Exercise brief. The answer is a stretch of the material below, returned exactly: the line containing "- Dimensi: Tinggi", the line containing "Build and tailor", and all lines between.

-- Provided entries follows --

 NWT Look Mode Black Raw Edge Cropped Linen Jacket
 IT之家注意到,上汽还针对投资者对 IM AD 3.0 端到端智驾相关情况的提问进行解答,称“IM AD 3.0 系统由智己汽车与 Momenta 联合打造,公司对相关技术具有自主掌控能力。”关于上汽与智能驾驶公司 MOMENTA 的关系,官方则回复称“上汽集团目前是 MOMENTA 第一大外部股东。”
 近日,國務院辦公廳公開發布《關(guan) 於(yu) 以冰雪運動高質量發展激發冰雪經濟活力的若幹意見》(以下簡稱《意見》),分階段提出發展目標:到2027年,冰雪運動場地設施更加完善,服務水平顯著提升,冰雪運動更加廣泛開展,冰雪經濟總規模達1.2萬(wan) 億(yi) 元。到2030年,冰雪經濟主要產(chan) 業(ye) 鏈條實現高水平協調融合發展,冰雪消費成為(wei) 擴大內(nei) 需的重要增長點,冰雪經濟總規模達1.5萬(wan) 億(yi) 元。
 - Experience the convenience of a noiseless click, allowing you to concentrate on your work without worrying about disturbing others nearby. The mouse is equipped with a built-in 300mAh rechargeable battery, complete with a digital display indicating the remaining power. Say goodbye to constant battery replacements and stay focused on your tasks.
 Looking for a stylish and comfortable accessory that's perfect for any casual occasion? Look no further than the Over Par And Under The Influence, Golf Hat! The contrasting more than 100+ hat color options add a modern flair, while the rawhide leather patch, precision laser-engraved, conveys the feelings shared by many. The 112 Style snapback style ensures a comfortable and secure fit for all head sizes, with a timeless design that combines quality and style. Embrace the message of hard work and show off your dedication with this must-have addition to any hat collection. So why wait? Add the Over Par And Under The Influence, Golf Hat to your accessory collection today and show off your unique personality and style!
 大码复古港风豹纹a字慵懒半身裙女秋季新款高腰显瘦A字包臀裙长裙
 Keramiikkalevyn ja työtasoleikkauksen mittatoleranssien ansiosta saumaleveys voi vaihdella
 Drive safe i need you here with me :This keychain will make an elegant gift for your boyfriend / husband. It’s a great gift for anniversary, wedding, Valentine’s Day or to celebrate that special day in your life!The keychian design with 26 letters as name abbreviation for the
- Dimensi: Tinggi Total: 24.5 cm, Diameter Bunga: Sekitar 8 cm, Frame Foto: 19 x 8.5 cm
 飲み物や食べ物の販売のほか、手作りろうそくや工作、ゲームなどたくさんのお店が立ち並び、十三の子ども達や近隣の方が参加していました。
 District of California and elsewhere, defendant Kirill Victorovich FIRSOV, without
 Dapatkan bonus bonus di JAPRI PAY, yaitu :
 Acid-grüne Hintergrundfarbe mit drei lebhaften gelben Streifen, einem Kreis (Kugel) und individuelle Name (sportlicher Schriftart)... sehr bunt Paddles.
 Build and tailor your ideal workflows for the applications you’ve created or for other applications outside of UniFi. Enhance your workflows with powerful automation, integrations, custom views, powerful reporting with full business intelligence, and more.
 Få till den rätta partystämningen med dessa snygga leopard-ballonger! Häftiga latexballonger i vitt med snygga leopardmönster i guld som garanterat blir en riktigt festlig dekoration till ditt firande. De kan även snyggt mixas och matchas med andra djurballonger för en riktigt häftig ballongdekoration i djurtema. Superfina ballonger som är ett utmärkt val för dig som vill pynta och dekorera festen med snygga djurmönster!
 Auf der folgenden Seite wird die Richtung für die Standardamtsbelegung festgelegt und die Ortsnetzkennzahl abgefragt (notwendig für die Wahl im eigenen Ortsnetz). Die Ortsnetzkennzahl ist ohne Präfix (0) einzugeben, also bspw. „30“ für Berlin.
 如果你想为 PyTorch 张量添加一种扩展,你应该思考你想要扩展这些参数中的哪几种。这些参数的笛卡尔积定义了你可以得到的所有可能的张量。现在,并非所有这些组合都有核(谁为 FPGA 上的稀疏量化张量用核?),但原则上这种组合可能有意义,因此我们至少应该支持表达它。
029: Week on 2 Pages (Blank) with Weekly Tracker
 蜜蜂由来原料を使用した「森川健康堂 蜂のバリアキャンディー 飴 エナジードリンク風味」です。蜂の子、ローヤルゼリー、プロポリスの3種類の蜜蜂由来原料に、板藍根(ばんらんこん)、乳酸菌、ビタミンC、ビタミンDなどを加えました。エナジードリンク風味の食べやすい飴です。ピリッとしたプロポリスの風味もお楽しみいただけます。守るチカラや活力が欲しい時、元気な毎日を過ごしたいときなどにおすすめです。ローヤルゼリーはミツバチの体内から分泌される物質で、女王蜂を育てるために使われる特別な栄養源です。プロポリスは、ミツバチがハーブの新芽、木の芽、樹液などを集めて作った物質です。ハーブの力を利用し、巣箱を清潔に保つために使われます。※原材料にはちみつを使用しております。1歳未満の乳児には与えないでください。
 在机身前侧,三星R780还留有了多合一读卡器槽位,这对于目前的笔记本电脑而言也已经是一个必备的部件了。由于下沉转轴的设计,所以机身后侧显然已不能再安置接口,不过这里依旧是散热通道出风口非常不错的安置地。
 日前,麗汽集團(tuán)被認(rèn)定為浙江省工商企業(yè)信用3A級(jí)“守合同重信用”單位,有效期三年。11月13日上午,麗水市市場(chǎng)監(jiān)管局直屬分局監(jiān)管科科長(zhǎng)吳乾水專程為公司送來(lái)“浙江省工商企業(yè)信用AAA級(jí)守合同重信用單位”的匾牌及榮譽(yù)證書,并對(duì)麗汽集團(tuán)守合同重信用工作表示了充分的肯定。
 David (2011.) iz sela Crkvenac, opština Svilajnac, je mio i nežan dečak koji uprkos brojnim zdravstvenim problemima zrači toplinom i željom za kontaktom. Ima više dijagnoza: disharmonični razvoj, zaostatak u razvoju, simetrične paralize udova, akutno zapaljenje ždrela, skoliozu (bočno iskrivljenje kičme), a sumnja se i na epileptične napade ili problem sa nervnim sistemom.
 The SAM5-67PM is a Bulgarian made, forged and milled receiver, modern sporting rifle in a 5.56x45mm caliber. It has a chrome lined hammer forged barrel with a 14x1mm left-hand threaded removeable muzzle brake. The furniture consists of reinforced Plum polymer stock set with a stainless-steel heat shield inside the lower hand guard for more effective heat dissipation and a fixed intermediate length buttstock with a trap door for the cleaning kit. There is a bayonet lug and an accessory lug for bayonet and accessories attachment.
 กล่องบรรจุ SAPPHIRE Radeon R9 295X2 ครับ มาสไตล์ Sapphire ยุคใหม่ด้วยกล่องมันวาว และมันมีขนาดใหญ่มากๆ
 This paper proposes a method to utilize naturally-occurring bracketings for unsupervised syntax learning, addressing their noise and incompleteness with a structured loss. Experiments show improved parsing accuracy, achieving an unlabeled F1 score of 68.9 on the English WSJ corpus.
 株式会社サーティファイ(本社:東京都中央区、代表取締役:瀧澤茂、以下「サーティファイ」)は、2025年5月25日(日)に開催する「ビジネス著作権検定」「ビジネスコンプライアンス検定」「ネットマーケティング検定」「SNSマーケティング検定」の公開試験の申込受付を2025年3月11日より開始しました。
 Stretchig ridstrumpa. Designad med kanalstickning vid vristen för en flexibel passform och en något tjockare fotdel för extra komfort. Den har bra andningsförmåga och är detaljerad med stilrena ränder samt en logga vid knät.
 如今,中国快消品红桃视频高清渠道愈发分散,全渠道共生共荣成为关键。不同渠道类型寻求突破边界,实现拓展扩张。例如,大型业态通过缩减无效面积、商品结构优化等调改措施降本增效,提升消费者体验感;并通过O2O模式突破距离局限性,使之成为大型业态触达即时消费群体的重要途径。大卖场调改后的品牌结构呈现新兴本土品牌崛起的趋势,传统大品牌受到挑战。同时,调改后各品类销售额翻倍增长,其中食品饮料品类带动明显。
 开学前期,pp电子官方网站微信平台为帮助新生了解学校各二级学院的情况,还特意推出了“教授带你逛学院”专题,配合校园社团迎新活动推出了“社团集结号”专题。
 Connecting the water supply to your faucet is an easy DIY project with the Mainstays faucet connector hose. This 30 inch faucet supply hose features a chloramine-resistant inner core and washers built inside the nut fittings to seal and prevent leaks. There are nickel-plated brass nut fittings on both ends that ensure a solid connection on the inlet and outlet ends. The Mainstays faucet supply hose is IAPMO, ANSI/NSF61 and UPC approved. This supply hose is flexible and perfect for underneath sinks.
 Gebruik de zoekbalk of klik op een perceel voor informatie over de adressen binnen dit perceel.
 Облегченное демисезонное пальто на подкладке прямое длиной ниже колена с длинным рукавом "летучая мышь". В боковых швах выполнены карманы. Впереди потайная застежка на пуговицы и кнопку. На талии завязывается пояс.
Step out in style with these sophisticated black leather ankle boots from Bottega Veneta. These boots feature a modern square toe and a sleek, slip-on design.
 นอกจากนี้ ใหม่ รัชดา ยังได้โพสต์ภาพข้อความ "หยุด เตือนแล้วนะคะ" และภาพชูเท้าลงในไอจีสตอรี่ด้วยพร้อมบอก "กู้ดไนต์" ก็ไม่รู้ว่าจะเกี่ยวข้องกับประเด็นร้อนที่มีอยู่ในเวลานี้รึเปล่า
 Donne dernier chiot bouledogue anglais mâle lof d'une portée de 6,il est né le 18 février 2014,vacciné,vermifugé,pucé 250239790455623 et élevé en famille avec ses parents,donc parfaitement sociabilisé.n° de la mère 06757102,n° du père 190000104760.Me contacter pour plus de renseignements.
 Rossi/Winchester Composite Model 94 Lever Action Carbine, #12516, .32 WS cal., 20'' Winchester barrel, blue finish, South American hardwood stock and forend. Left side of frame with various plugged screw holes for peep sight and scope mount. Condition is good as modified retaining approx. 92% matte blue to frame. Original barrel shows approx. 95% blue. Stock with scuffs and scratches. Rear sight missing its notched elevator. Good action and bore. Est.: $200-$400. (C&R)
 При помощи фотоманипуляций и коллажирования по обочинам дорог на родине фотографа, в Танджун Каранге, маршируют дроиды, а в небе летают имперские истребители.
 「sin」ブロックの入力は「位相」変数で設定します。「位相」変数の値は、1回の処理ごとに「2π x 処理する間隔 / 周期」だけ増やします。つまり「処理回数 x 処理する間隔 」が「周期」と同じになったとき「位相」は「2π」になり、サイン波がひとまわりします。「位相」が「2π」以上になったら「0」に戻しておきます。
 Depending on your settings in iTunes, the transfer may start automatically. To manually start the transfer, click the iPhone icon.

-- Provided entries concluded --

Solution.
- Dimensi: Tinggi Total: 24.5 cm, Diameter Bunga: Sekitar 8 cm, Frame Foto: 19 x 8.5 cm
 飲み物や食べ物の販売のほか、手作りろうそくや工作、ゲームなどたくさんのお店が立ち並び、十三の子ども達や近隣の方が参加していました。
 District of California and elsewhere, defendant Kirill Victorovich FIRSOV, without
 Dapatkan bonus bonus di JAPRI PAY, yaitu :
 Acid-grüne Hintergrundfarbe mit drei lebhaften gelben Streifen, einem Kreis (Kugel) und individuelle Name (sportlicher Schriftart)... sehr bunt Paddles.
 Build and tailor your ideal workflows for the applications you’ve created or for other applications outside of UniFi. Enhance your workflows with powerful automation, integrations, custom views, powerful reporting with full business intelligence, and more.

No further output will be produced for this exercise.